Oxenden contributed Latin verses to the collections of poems by members of Cambridge University on (1) the marriage of the Princess Anne, 1683; (2) the death of Charles and the accession of James, 1684-5; (3) the birth of the prince, 1688; (4) the accession of William and Mary, 1689; (5) the death of Queen Mary, 1694-5; (6) the death of the Duke of Gloucester, 1700; (7) the death of William and the accession of Anne, 1702. His conduct in the proceedings against Watson, the bishop of St. Davids, was censured in the address to the reader, prefixed to 'A large Review of the summary View of the Articles against the Bishop of St. Davids,' which is usually attributed to Robert Ferguson (d. 1714) [q. v.], and further disclosures were promised in a later tract. The reader was specially requested to compare Oxenden's lines in the Cambridge poems on the birth of the prince with his subsequent remarks on him and King James, who had previously forgiven and preferred him. Oxenden advised Tillotson, archbishop of Canterbury, on the legal points arising out of Burnet's consecration as Bishop of Salisbury (Birch, Life of Tillotson, p. 331).

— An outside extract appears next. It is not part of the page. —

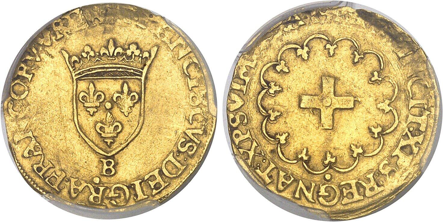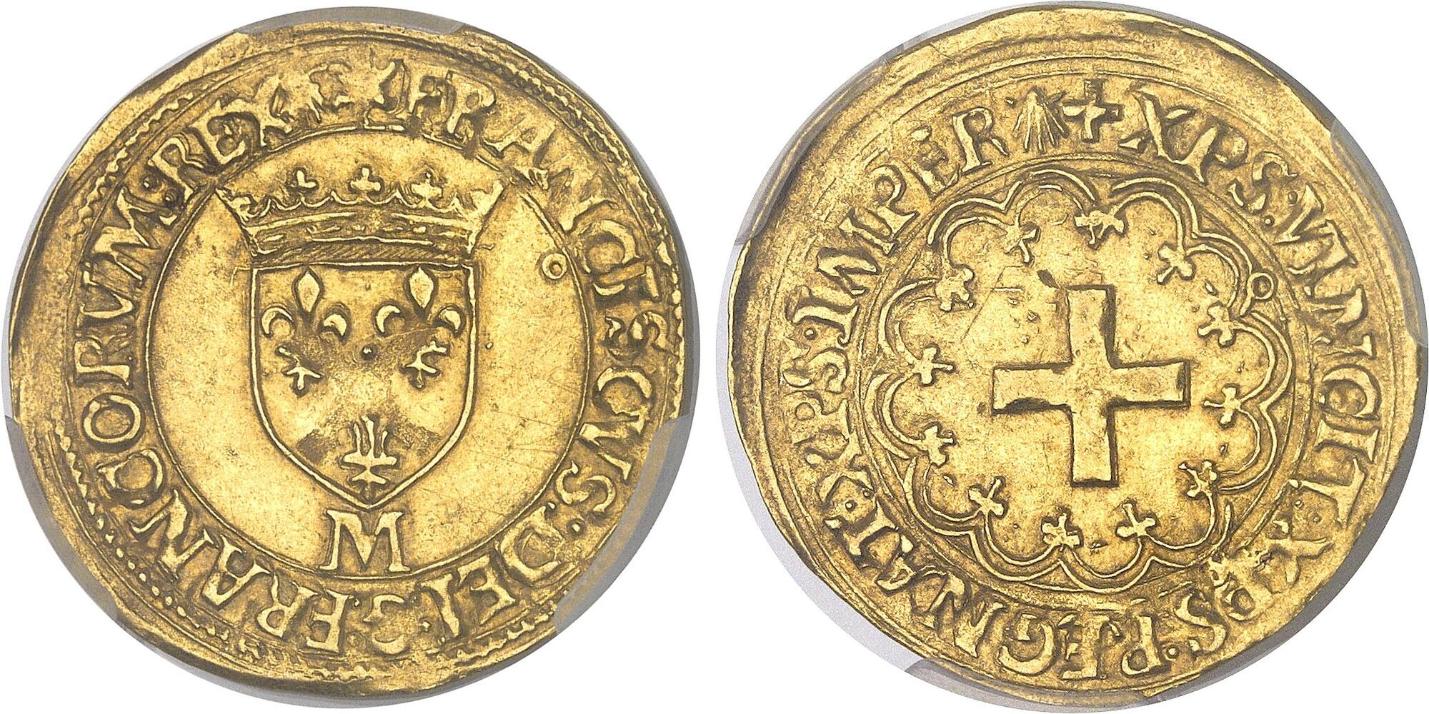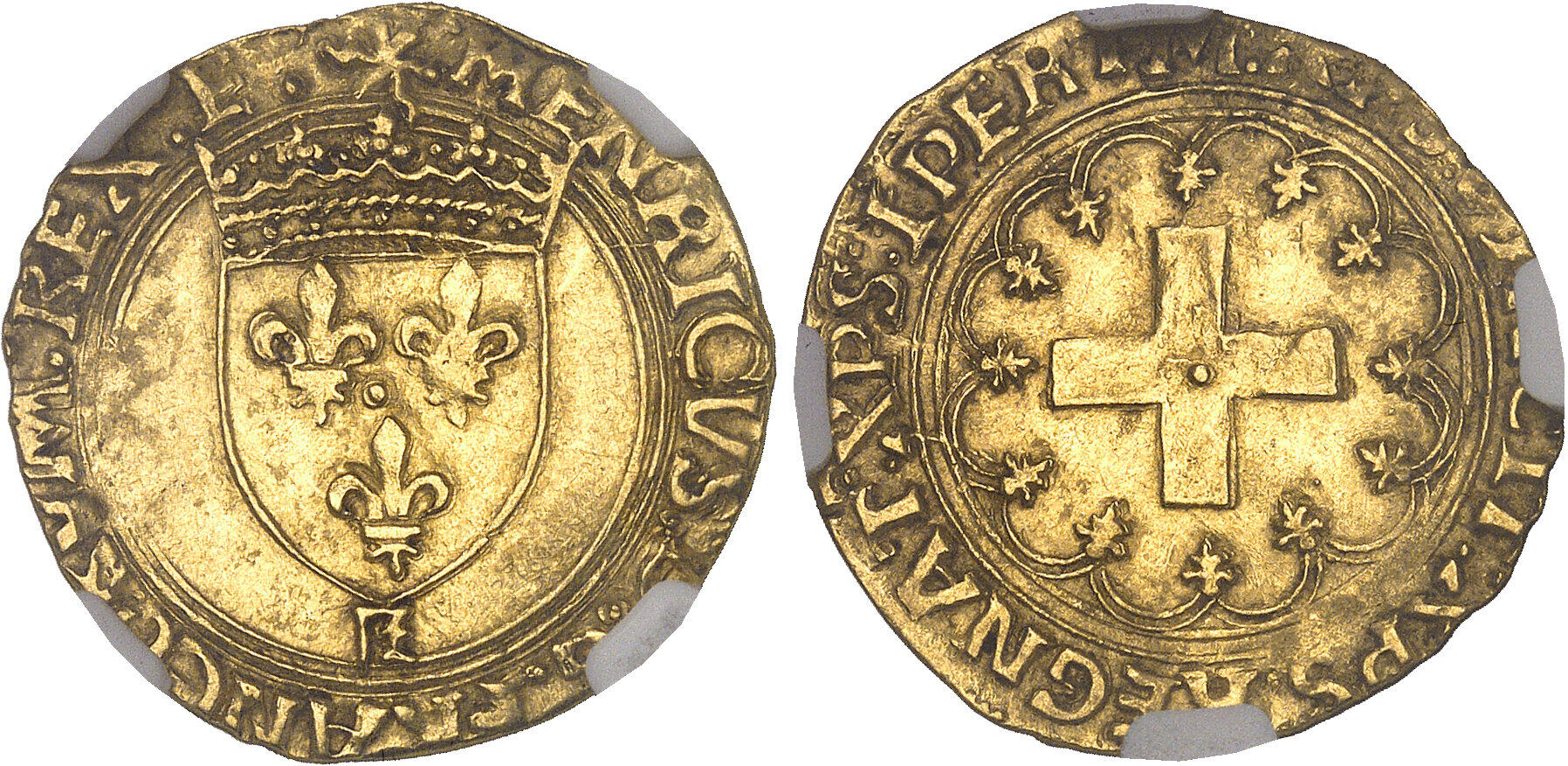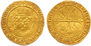 + LVDOVICVS : DEI : GRACIA : FRANCORVM : REX (ancre). Écu de France couronné soutenu par deux porcs-épics. R/. + XPS : VINCIT : XPC : REGNAT : XPC : IMPERAT (ancre). (ponctuation par des annelets à l'avers et au revers). Croix aux bras trifides cantonnée de deux L et de deux porcs-épics.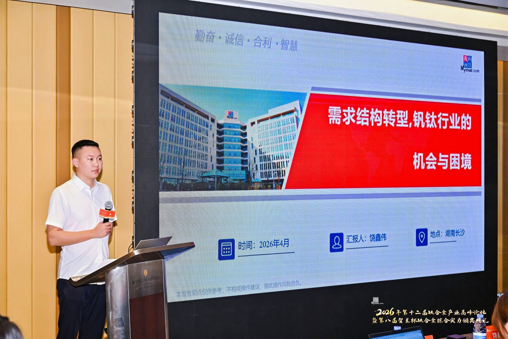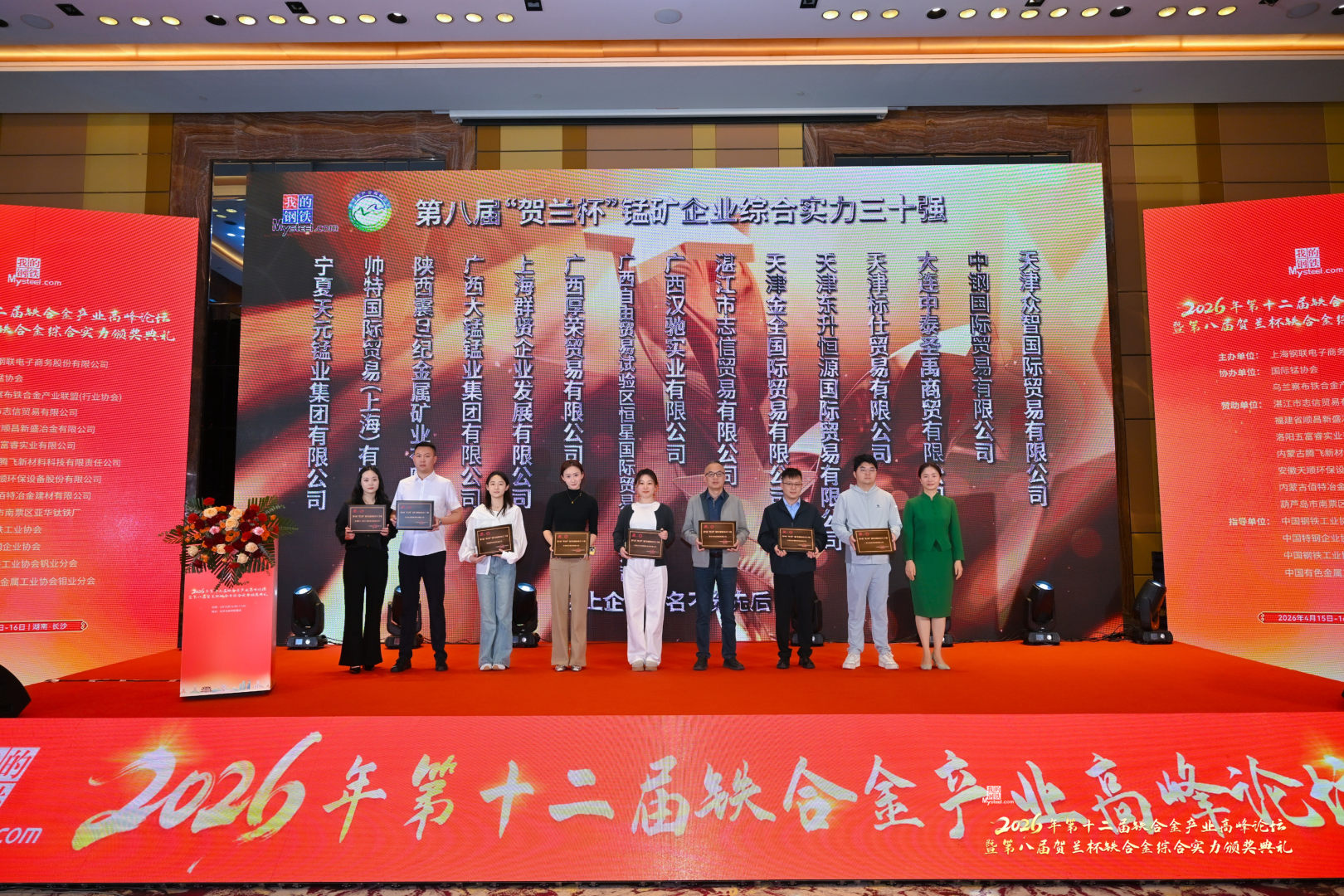 2026年第十二届铁合金产业高峰论坛暨第八届贺兰杯铁合金综合实力颁奖典礼于2026年4月15日至4月16日在湖南长沙盛大召开,本次会议由上海钢联电子商务股份有限公司(我的钢铁网)主办,国际锰协会,乌兰察布铁合金产业联盟(行业协会)协办,获中国钢铁工业协会、中国特钢企业协会、中国钢铁工业协会钒业分会、中国有色金属工业协会钼业分会指导。

Oxenden died at Doctors' Commons on 20 or 21 Feb. 1702-3, and was buried with his ancestors at Wingham, in a vault under the south or Dene chancel. He gave 40l. for the purchase of books for the library at Trinity Hall, and intended to have founded a scholarship for a Kentish clergyman's son, but died before the matter was settled. His widow, however, left 150l. for an additional scholarship of the same kind. His wife Elizabeth, daughter of Sir Basil Dixwell of Broome, Kent, was one of the maids of honour to Queen Mary, and died at Bath on 18 Sept. 1704. Their eldest son, Henry (d. 1720), and his next brother, George, both succeeded to the family baronetcy.

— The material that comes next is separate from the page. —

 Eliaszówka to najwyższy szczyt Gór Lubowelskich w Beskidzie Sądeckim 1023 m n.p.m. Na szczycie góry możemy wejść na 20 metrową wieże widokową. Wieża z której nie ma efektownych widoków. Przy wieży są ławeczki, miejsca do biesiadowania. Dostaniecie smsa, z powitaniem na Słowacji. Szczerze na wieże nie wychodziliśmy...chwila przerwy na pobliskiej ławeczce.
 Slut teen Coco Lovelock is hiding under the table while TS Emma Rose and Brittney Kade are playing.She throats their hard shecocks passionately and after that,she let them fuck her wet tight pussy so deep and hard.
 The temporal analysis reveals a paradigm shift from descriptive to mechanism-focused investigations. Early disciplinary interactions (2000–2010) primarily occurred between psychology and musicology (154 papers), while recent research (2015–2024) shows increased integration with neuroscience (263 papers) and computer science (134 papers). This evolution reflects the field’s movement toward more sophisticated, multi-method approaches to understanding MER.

Sir George Oxenden (1694-1775), an 'extremely handsome' man, married the eldest daughter and coheiress of Edmund Dunch [q. v.], and was notorious for his profligacy. He seduced his sister-in-law, Bell Dunch, wife of Mr. Thompson, and was thought to be the father of the third Earl of Orford. Sir George represented in parliament for many years the borough of Sandwich in Kent, and was in turn a lord of the admiralty and of the treasury. His character and his gallantries are painted in Lord Hervey's 'Memoirs' (ii. 346), Lady Mary Wortley Montagu's 'Works' (ii. 196, iii. 409), and Horace Walpole's 'Letters' (ed. Cunningham, i. 342, vii. 434). A half-length portrait of him was at Kimbolton Castle, the seat of the Duke of Manchester. He died at Dene in January 1775.
[Hasted's Kent, iii. 695; Archæologia Cantiana, vi. 277; Coote's Civilians, p. 101; Le Neve's Fasti, iii. 608, 650, 657, 680; Berry's Kent Genealogies; Betham's Baronetage, iii. 30-31; Foster's Alumni Oxon.; Wood's Athenæ Oxon. ii. 337; Newcourt's Repertorium Eccl. Lond. i. 446; information from Mr. C. E. S. Headlam of Trinity Hall.]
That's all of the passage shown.